U Nas na chwilę obecną stabilizacja. Cicho sza, raczysko nie daje o sobie znać póki co. Grzyby jako siako wyleczone, kolano w trakcie regeneracji i leczenia u ortopedy. Wizytę na onkologii mamy pod koniec marca. Dla spokoju idę z mamą i naciskać będę na jakieś usg lub inne badanie. Czasami u mamy pojawiają się jakieś niestrawności. Guzek w płucu skonsultowany przez pulmunologa i nie do interwencji. Pozostałość po jakimś stanie zapalnym. Więc póki co jest ok.
Trochę kamień z serca i to dzięki Wam tak sie wszystko upotoczyło. Uświadomiłyście mi że jak nie zadbasz o swoje to figę dostaniesz. Dziękuję Wam serdecznie kobietki.

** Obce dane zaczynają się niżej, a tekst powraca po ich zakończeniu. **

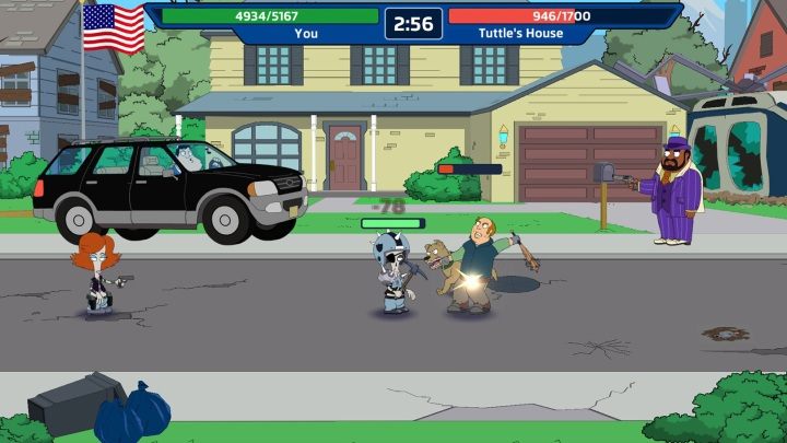 W American Dad! Apocalypse Soon również zajmujemy się rozbudową schronu. Członkowie naszej rodziny pełnią funkcję zależną od stroju, który aktualnie mają na sobie, a potyczki odbywają się w konkretnych pomieszczeniach. Większość elementów zabawy została zautomatyzowana, a nasz udział sprowadza się do wydawania poleceń oraz dbania, aby wszystko było dopięte na ostatni guzik. Największą atrakcją jest zaś humor oraz fantastyczne dialogi między postaciami.
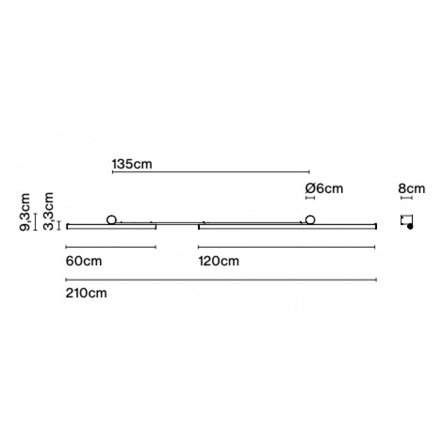 Height: 9.3 cm, width: 210 cm, depth: 8 cm.

Teraz czas pomyśleć o sobie i zacząć działać w kierunku powiększenia rodu :) buziaki kobietki
Jesteśmy już po wizycie. W tomografii czysto, pomijając guzek w płucu. Chociaż był wcześniej i opisywany jest jako pozostałość po stanie zapalnym. Tak czy siak wysyłam ja do pulmunologa, żeby później nie obudzić się z ręka w nocniku. Posiew i badanie ogólne moczu dobre. Wiem że są grzyby i jest w trakcie leczenia. Po zakończeniu brania leków wizytę jeszcze zaliczymy u ginekologa rodzinnego.
Cytologii nie było ma być w następnym tygodniu.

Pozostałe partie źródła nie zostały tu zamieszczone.